Отметил Рубрук и любознательность Батыя: уже после того, как аудиенция закончилась, он «много расспрашивал» местных христиан про французских монахов и, в частности, интересовался правилами их ордена. «Я видел Бату разъезжавшим со своим отрядом, — продолжает Рубрук, — и все главы семейств ездят с ним. По моему расчёту, их было не менее пятисот человек» 51.

Заслуживает внимания ещё одно наблюдение, сделанное другим собеседником Батыя — итальянцем Плано Карпини. Описывая приём в ставке Бату в апреле 1246 года, итальянский монах рассказал, что по его просьбе был выполнен перевод папской грамоты «на письмена татар»; «этот перевод был предоставлен Бату, и он читал и внимательно отметил его» 52. Получается, что Батый умел читать и разбирал уйгурскую грамоту (которой, напомню, пользовались монголы). Это явление совсем не типичное: известно, например, что брат Батыя Берке требовал, чтобы посольские грамоты читались ему вслух; не умели читать и другие монгольские ханы. Батый вообще уделял много внимания слову — как письменному, так и устному. В последнем он был как раз верен традиции. Ещё со времён Чингисхана в Монголии установился обычай, согласно которому изо дня в день записывались слова хана, причём хан для этой цели часто говорил рифмованной прозой, «складно и со скрытым смыслом». Знание «биликов» (речений) хана ценилось очень высоко; известен случай, когда из нескольких претендентов на ханский престол был выбран тот, кто сумел показать лучшее знание «биликов» Чингисхана. При каждом знатном Чингисиде имелся свой хасс битекчи(особый писец, секретарь). Упоминается такой писец и при Бату: им был мусульманин Ходжа Надм ад-Дин 53. Значит, Бату, как и другие ханы, прикладывал особые усилия для того, чтобы его изречения сохранились в памяти потомков. Правда, ни одного из «биликов» Бату мы не знаем. В источниках упоминается и какое-то «уложение» ( торе) Бату, имевшее законодательную силу: на него ссылались в Чагатаевом улусе (Средней Азии) в последней четверти XIII века 54.

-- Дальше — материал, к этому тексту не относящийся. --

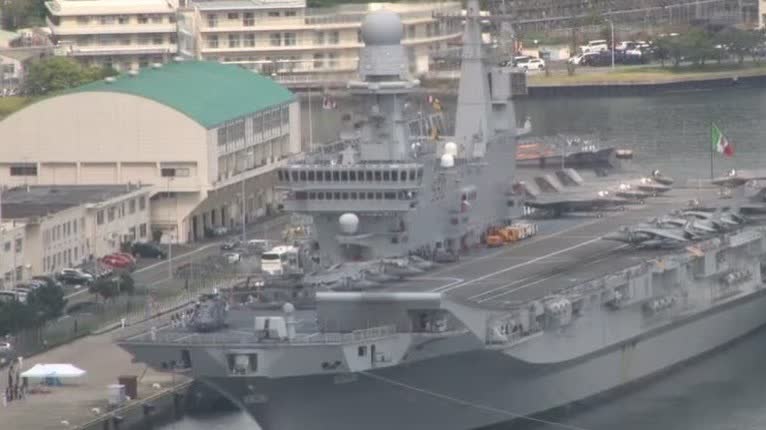 據央視新聞報道,當地時間8月22日,意大利「加富爾」號航母首次停靠日本。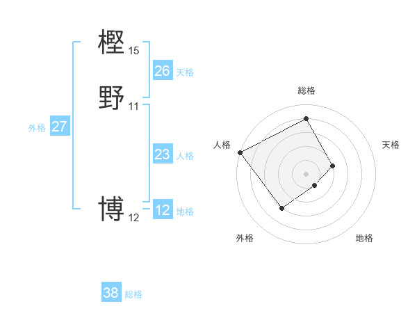 樫野 博さんの総格は38画の4点!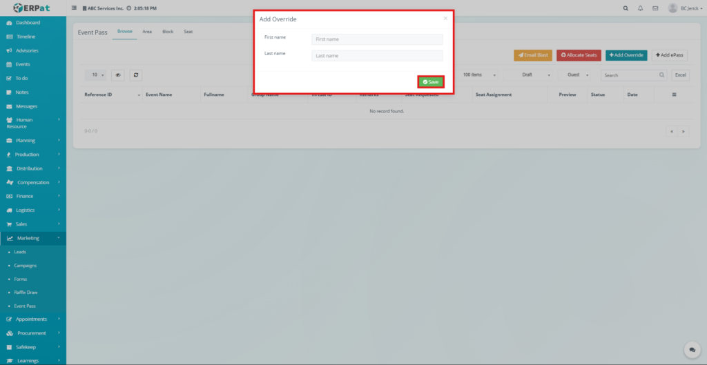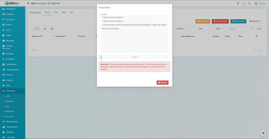 All activities performed within the Event Pass module are recorded within the ERPat system logs to ensure transparency and operational accountability.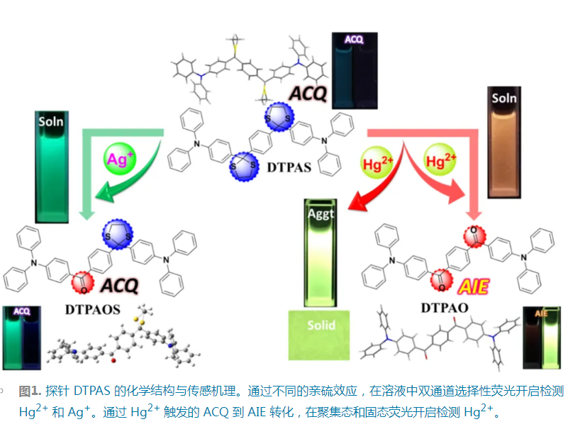 近日,英国365集团官网阮志军带领研究团队精心设计了一种含有两个硫缩酮基团的荧光探针 DTPAS,实现了 Hg2+(红色荧光)和 Ag+(绿色荧光)的双通道选择性“开启”检测。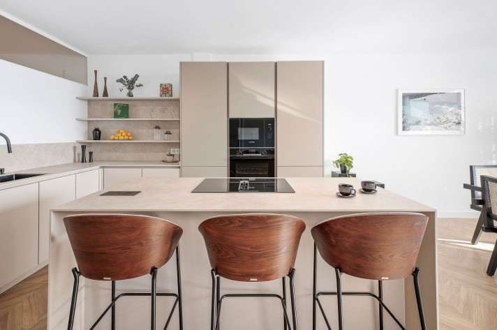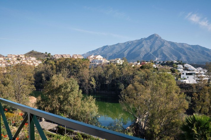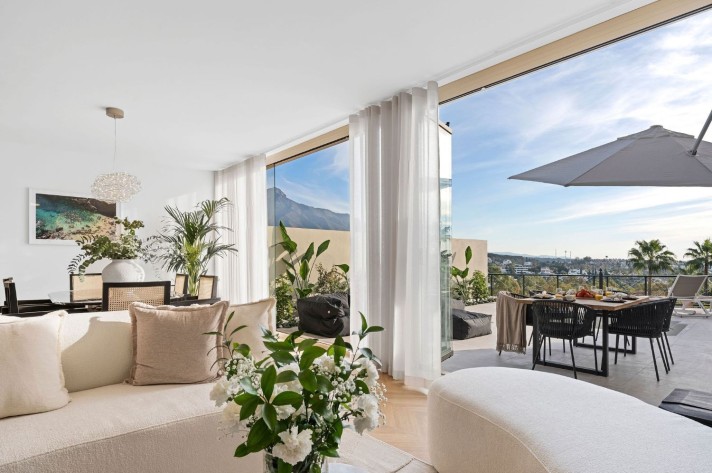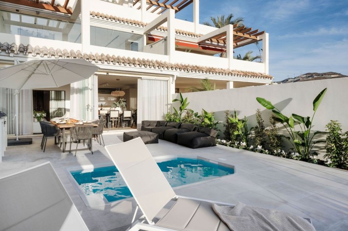 A luxurious four-bedroom apartment with a private pool and garden, offering stunning sea and mountain views. This renovated ground-floor apartment is a haven of modern, Parisian style living in the heart of Nueva Andalucia, La Cerquilla.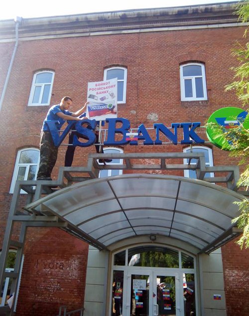 Сегодня, 20 августа, боевики нескольких львовских бандеровских организаций собрались возле здания российского Сбербанка и VS-Банка. В акции принимают участие радикалы из группировок «Развитие громады», «Самооборона Львовского Евромайдана», «Рабов не пускают в Рай», которые на этой неделе уже собирались на этом месте. Также к незаконной акции присоединились активисты «Кредитного майдана» и движение «Економический бойкот».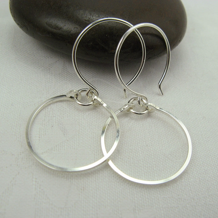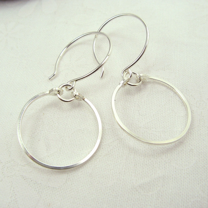 T-Shirt Day Earrings! Small hoops in sterling silver hang 1-1/2 inches (3.8 cm) in length and the circle has a diameter of 3/4 of an inch (1.9 cm). Lightweight and delicate~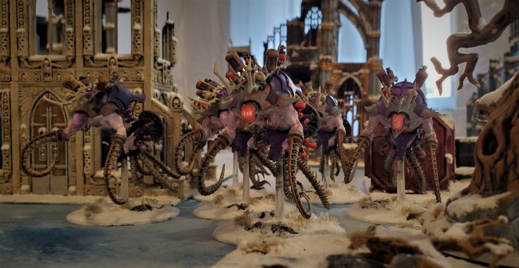 - Master Regenesist (25 points): This Enhancement let’s you revive D3+3 Wracks to the bearer’s unit instead of D3+1. Nice to have, and if you are committing to a big Wrack brick with a Haemo then this makes complete sense to take along for some baiting / regrowing shenanigans on a key objective.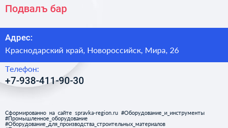 Подвалъ, бар по адресу Краснодарский край, Новороссийск, Мира, 26 в дальнейшем Организация, размещена в следующих категориях:

Всё это, конечно, разрозненные, обрывочные сведения, не дающие какого-либо цельного представления ни об образе жизни, ни тем более о внутреннем мире правителя Улуса Джучи. Однако они важны в том числе и потому, что позволяют увидеть в нём не просто варвара и дикаря, чуждого всякой цивилизованности, но представителя вполне сформировавшегося высокоорганизованного кочевого общества со своей культурой, вобравшей в себя многие достижения передовых для того времени китайской, уйгурской и среднеазитской культур.